DIII-D Research Towards Establishing the Scientific Basis for Future Fusion Reactors
C.C. Petty, (E. Schuster), et al. (Collaboration Paper)
27th IAEA Fusion Energy Conference
Gandhinagar, India, October 22-27, 2018
Abstract
|
|
DIII-D research is addressing critical challenges in preparation for
ITER and the next generation of fusion devices through focusing on
plasma physics fundamentals that underpin key fusion goals, understanding
the interaction of disparate core and boundary plasma physics, and
developing integrated scenarios for achieving high performance fusion
regimes. Fundamental investigations into fusion energy science find
that anomalous dissipation of runaway electrons (RE) that arise
following a disruption is likely due to interactions with RE-driven
kinetic instabilities, some of which have been directly observed,
opening a new avenue for RE energy dissipation using naturally excited
waves. Dimensionless parameter scaling of intrinsic rotation and
gyrokinetic simulations give a predicted ITER rotation profile with
significant turbulence stabilization.

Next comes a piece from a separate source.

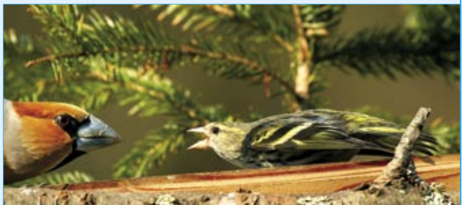
Nejmenšího na krmítku, čížka lesního, nevyžene od oběda ani pětikrát větší dlask.

Coherence imaging spectroscopy
confirms near sonic flow throughout the divertor towards the target,
which can account for the convection-dominated parallel heat flux.
Core-boundary integration studies show that the small angle slot divertor
achieves detachment at lower density and extends plasma cooling across
the divertor target plate, which is essential for controlling heat flux
and erosion. A rotating n=2 RMP combined with a stationary n=3 RMP has
demonstrated access to ELM suppression with lower 3D field strength,
while at the same time dynamically smoothing out the divertor heat and
particle flux. The Super H-mode regime has been extended to high plasma
current (2.0 MA) and density to achieve very high pedestal pressures
(~30 kPa) and stored energy (3.2 MJ) with H98y2≈1.6-2.4. In scenario
work, the ITER baseline Q=10 scenario with zero injected torque is
found to have a fusion gain metric βτE independent of current between
q95=2.8–3.7, and a lower limit to the pedestal rotation for RMP ELM
suppression has been found. In the wide pedestal QH-mode regime that
exhibits improved performance and no ELMs, the startup counter torque
has been eliminated so that the entire discharge uses ≈0 injected torque
and the operating space is more ITER-relevant. Finally, the high-βN (≤3.8)
hybrid scenario has been extended to the high density levels necessary
for radiating divertor operation, achieving ~40% divertor heat flux
reduction using either argon or neon with Ptot up to 15 MW.